What is needed ▸ Down to the last line, print the entries below exactly, and keep every picture out of the copy.

Records excerpted from a collection ▸
%%

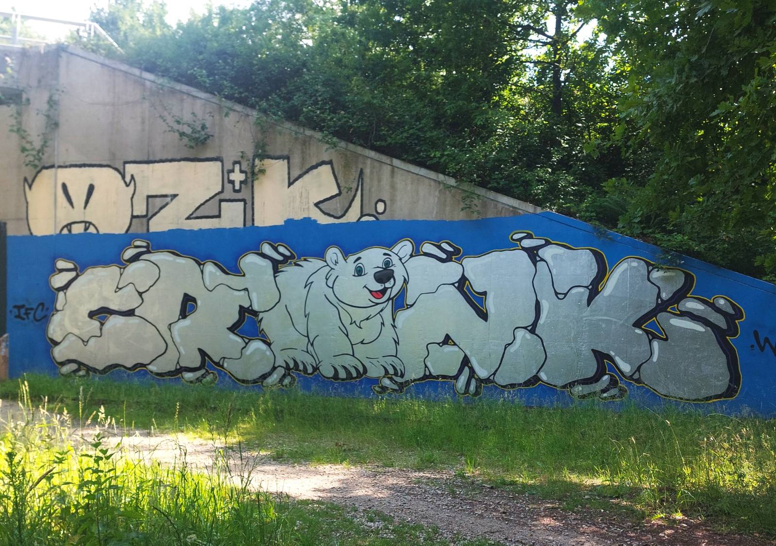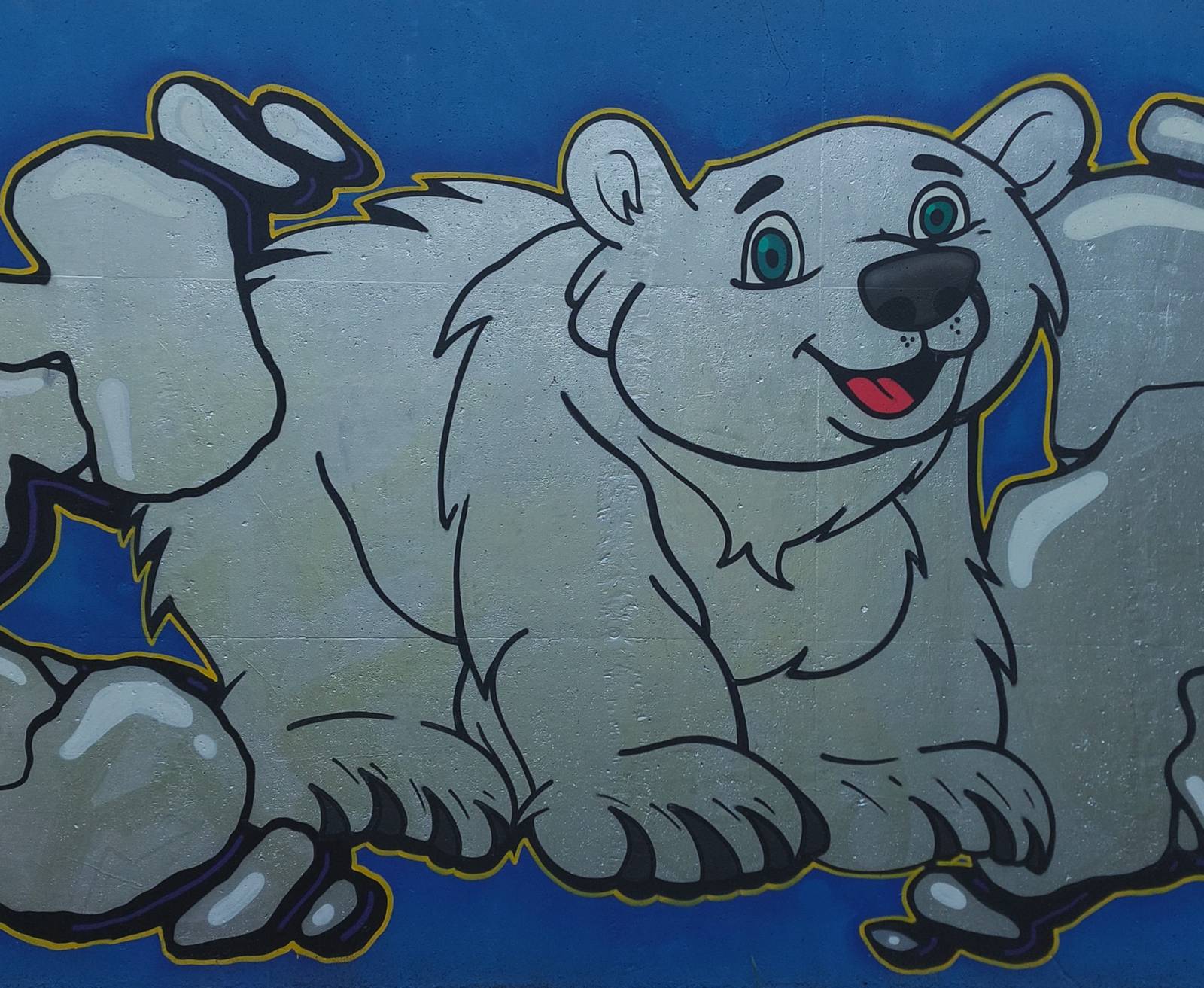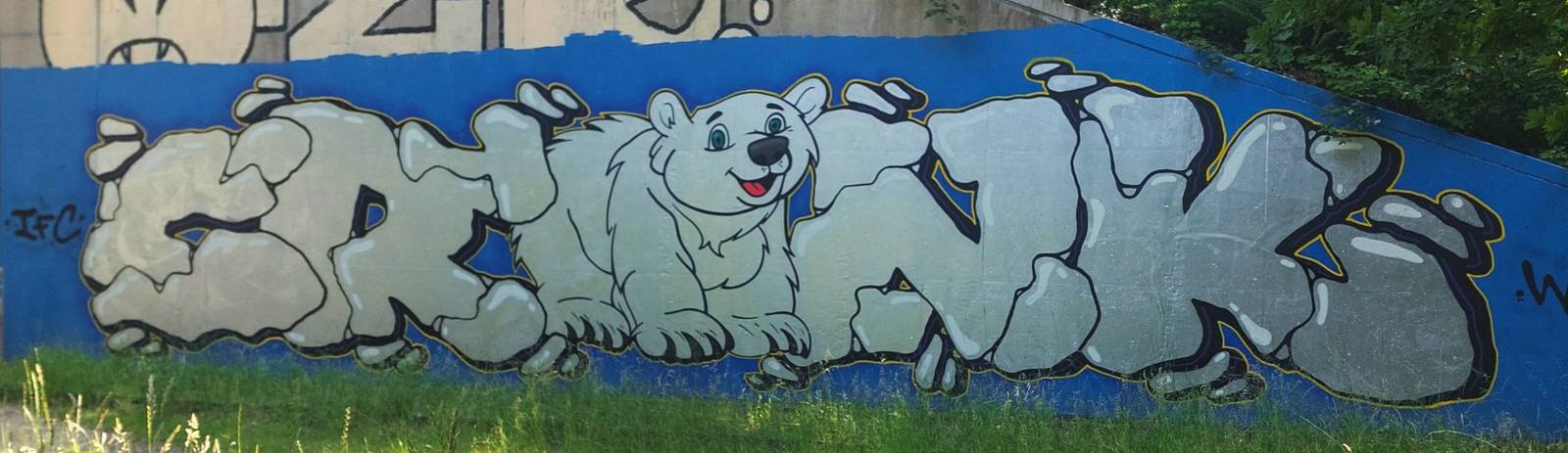 Muurschildering van Crank op de zijwand van de oude spoorwegtunnel.
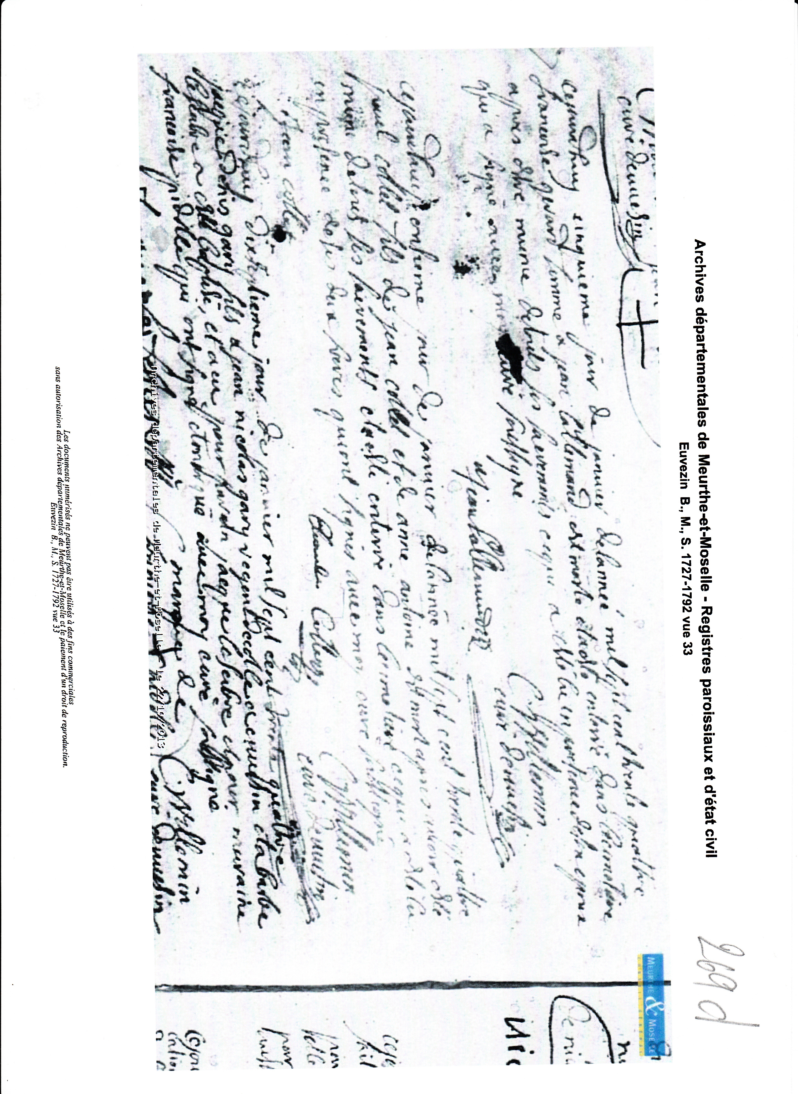 Mariage : 13 janvier 1699 à Euvezin 54470 ( Source )
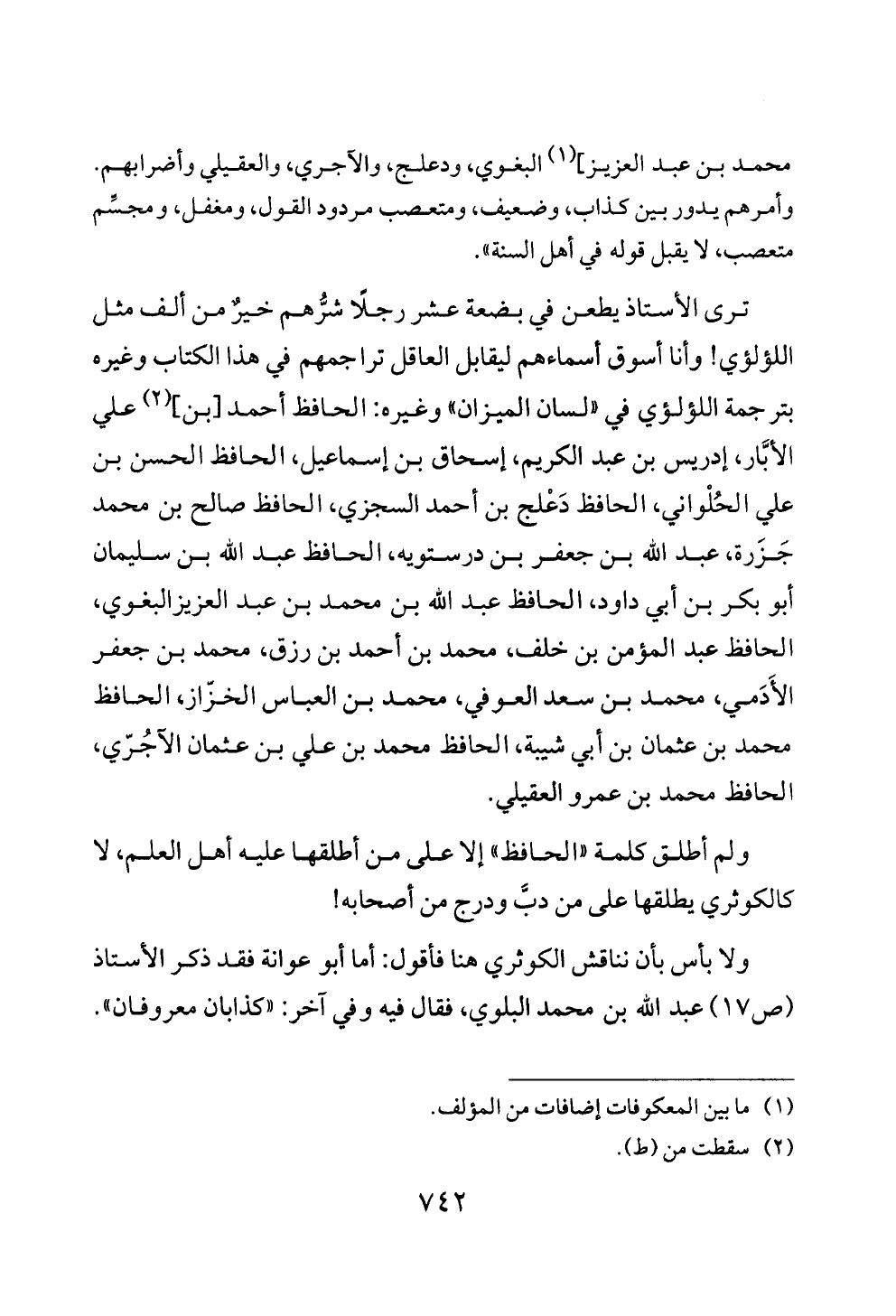 ولا بأس بأن نناقش الكوثري هنا فأقول: أما أبو عوانة فقد ذكر الأستاذ (ص ١٧) عبد الله بن محمد البلوي، فقال فيه وفي آخر: «كذابان معروفان».
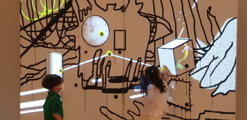 김태은 作_행성 트래킹_전도체잉크, 프로젝션맵핑, 터치보드, 인터렉티브 사운드_180x912cm_2021
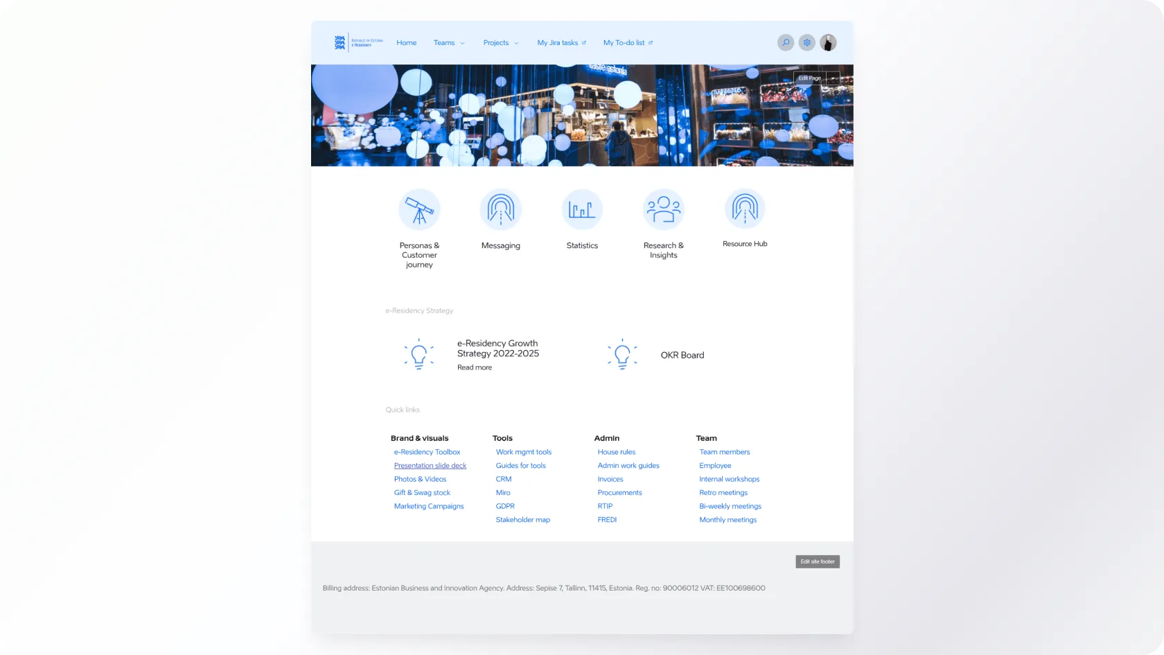 After our thorough preliminary work, we built a new central intranet for the e-Residency team using Atlassian’s Confluence software and its site building product Refined.
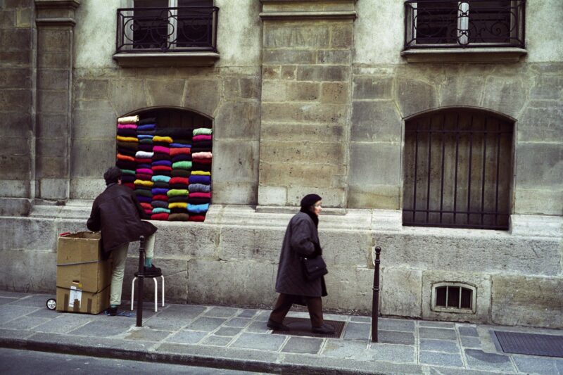 Fort d’un « journal » rédigé par Franck Gérard au gré de ses pérégrinations et d’une avalanche de photographies, En l’état1 est un ouvrage difficile à classer. Ce mélange renverrait aux carnets que tiennent les voyageurs et que caractérise une hybridité stylistique. Mais En l’état ressemble aussi à un manifeste, comme si l’auteur voulait affirmer en écrivant et en photographiant qu’il ne se prend ni pour un écrivain ni pour un photographe. Deux précarités se conjuguent donc ici, que le photographe transforme en une affirmation artistique, singulière et anarchique. Franck Gérard est un obstiné, un dilettante sérieux qui ne se laisserait jamais aller à sortir de chez lui sans son appareil photo. Cette règle est la conséquence de l’idée qu’il se fait de son art, tout entier contenu dans la rencontre du photographe et de l’être-là du monde. Franck Gérard est un photographe d’extérieur : il se promène, muse au hasard des situations, l’œil aux aguets. C’est là son éthique et sa poétique. Il hume l’ambiance urbaine – qui est son véritable monde – à l’affût des traces que laissent dans la ville les existences humaines. On le sait, la photographie n’échappe jamais totalement au monde réel dont elle conserve la trace. Et pourtant, ce qu’elle montre n’est que l’écho décalé de cette réalité, le récit d’une ballade que l’on dirait onirique.

%%

Finished task ▸
 Muurschildering van Crank op de zijwand van de oude spoorwegtunnel.
 Mariage : 13 janvier 1699 à Euvezin 54470 ( Source )
 ولا بأس بأن نناقش الكوثري هنا فأقول: أما أبو عوانة فقد ذكر الأستاذ (ص ١٧) عبد الله بن محمد البلوي، فقال فيه وفي آخر: «كذابان معروفان».
 김태은 作_행성 트래킹_전도체잉크, 프로젝션맵핑, 터치보드, 인터렉티브 사운드_180x912cm_2021
 After our thorough preliminary work, we built a new central intranet for the e-Residency team using Atlassian’s Confluence software and its site building product Refined.
 Fort d’un « journal » rédigé par Franck Gérard au gré de ses pérégrinations et d’une avalanche de photographies, En l’état1 est un ouvrage difficile à classer. Ce mélange renverrait aux carnets que tiennent les voyageurs et que caractérise une hybridité stylistique. Mais En l’état ressemble aussi à un manifeste, comme si l’auteur voulait affirmer en écrivant et en photographiant qu’il ne se prend ni pour un écrivain ni pour un photographe. Deux précarités se conjuguent donc ici, que le photographe transforme en une affirmation artistique, singulière et anarchique. Franck Gérard est un obstiné, un dilettante sérieux qui ne se laisserait jamais aller à sortir de chez lui sans son appareil photo. Cette règle est la conséquence de l’idée qu’il se fait de son art, tout entier contenu dans la rencontre du photographe et de l’être-là du monde. Franck Gérard est un photographe d’extérieur : il se promène, muse au hasard des situations, l’œil aux aguets. C’est là son éthique et sa poétique. Il hume l’ambiance urbaine – qui est son véritable monde – à l’affût des traces que laissent dans la ville les existences humaines. On le sait, la photographie n’échappe jamais totalement au monde réel dont elle conserve la trace. Et pourtant, ce qu’elle montre n’est que l’écho décalé de cette réalité, le récit d’une ballade que l’on dirait onirique.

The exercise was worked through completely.